Personne dans l’escalier; personne sous la porte cochère; il en franchit rapidement le seuil et tourna à gauche.
Il savait fort bien, il savait parfaitement que les hommes étaient en ce moment dans le logis de la vieille, qu’ils étaient fort surpris de trouver ouverte la porte tout à l’heure close, qu’ils examinaient les cadavres et qu’il ne leur faudrait pas plus d’une minute pour deviner que le meurtrier était à l’instant encore dans l’appartement et qu’il venait à peine de fuir; peut-être devineraient-ils aussi qu’il s’était caché dans l’appartement vide pendant qu’ils montaient.
Pourtant, il n’osait pas hâter le pas, bien qu’il lui restât cent pas à faire jusqu’au premier coin de rue.
«Si je me glissais sous une porte cochère, pensa-t-il, et si j’attendais un moment dans l’escalier d’une autre maison? Non, c’est mauvais. Jeter ma hache? prendre une voiture? Ah, malheur! malheur!»
Ses pensées s’embrouillaient; enfin une ruelle s’offrit à lui, il s’y engagea plus mort que vif; il était à moitié sauvé, – il le comprenait, – il risquait déjà moins d’être soupçonné et, d’autre part, la ruelle était pleine de passants, il s’y perdait comme un grain de sable.
Mais toutes ces angoisses l’avaient tellement affaibli qu’il avait peine à marcher. De grosses gouttes de sueur coulaient sur son visage; son cou était tout trempé.
– Encore un qui a son compte! lui cria quelqu’un comme il débouchait devant le canal.
Il n’avait plus sa tête à lui; plus il allait, plus son esprit se troublait. Toutefois, en arrivant sur le quai, il s’effraya de le voir presque vide; de crainte d’être remarqué, il regagna la ruelle. Quoique prêt à tomber d’épuisement, il fit un détour pour rentrer chez lui.

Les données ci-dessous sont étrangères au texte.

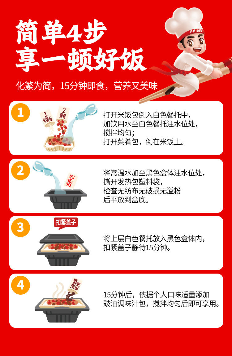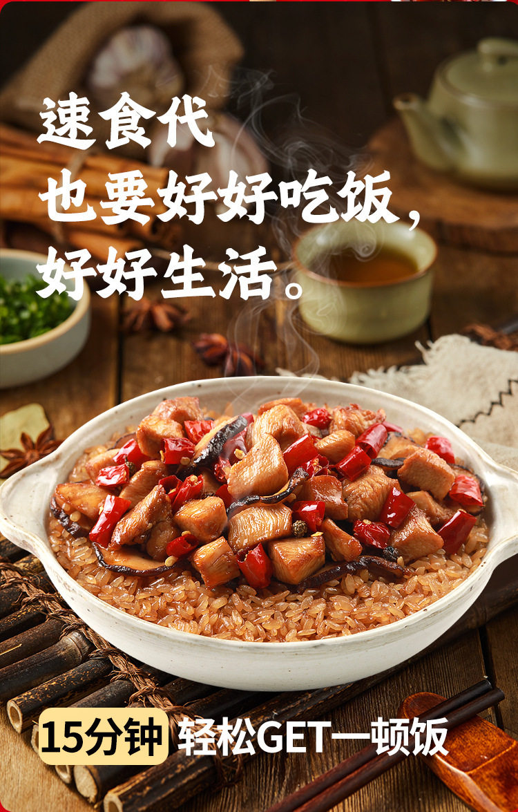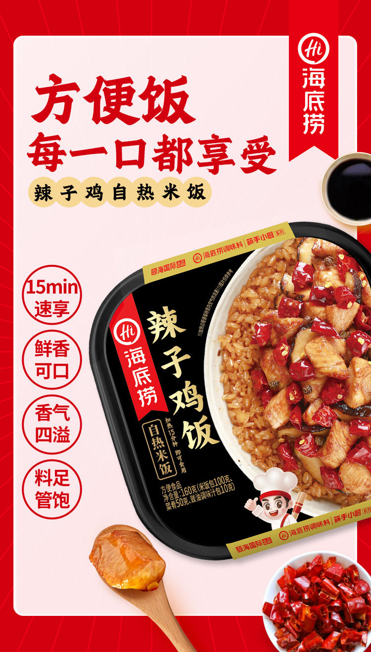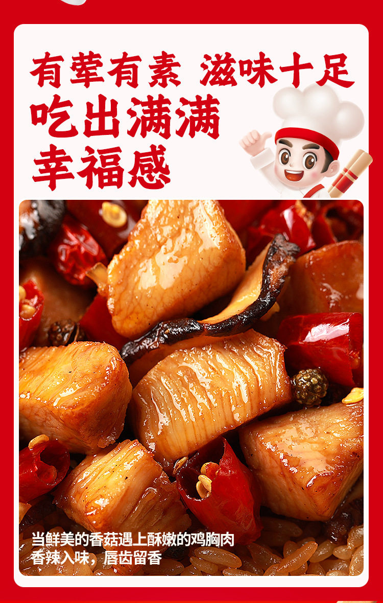 | Packaging specifications | Spicy chicken self-heating rice 175g,Fish-flavored shredded self-heating rice 187g,Burnt chicken self-heating rice 181g,Braised chicken self-heating rice 187g,Mushroom beef self-heating rice 165g,Tomato beef brisket self-heating rice 272g,Self-heating rice with pickled vegetables 192g,Cantonese clay pot self-heating rice 187g,Curry beef convenient rice 272g,Roast beef convenient rice 272g |

Quand il franchit la porte de sa maison, il n’avait pas encore retrouvé ses esprits. Il était dans l’escalier lorsqu’il se souvint de la hache.

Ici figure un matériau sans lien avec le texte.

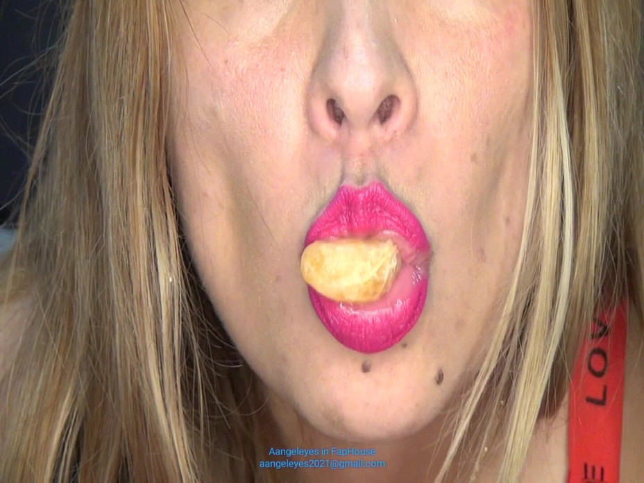Hi guys! I am very happy to be here again with you! How are all of you? I Hope very good! I have a new video very fun and crazy! For this video I have several beautiful and giant mandarin oranges, and there is nothing better than starting by feeling their citrus sensation deep inside my pussy!! After experiencing the refreshing acidity of the tangerine inside my always hot and wet pussy, it's time to swallow! So I open the mandarin orange into large wedges, and set the camera to the maximum zoom, for a huge close-up, now my face and inside my mouth take up the entire screen! I push those huge segments with my finger to my pink uvula and swallow them greedily, it's very sexy to ingest a mandarin orange that way, to feel these big bulges go down my throat makes me horny! I like to feel that inside my belly, on my waist, I have all that whole fruit, enjoy and many kisses!!

Il lui restait à mener à bien une opération des plus importantes: la remettre à sa place sans attirer l’attention. Naturellement il n’était plus en état de comprendre qu’il valait mieux ne pas rapporter la hache à l’endroit où il l’avait prise, mais s’en débarrasser en la jetant, par exemple, dans la cour d’une autre maison.
Pourtant, tout se passa le mieux du monde. La porte de la loge était fermée, mais pas à clef: le concierge, probablement était chez lui. Mais Raskolnikov avait si bien perdu toute faculté de raisonner, qu’il s’approcha de la loge et ouvrit la porte.
Si l’autre avait surgi à cet instant pour lui demander: «Que voulez-vous?» peut-être lui aurait-il tout bonnement tendu la hache. Mais cette fois encore la loge se trouvait vide et cette circonstance permit au jeune homme de replacer la hache sous le banc, à l’endroit où il l’avait trouvée; il la recouvrit même d’une bûche, comme elle était tantôt.
Ensuite il monta jusqu’à sa chambre, sans rencontrer personne; la porte de l’appartement de la logeuse était close.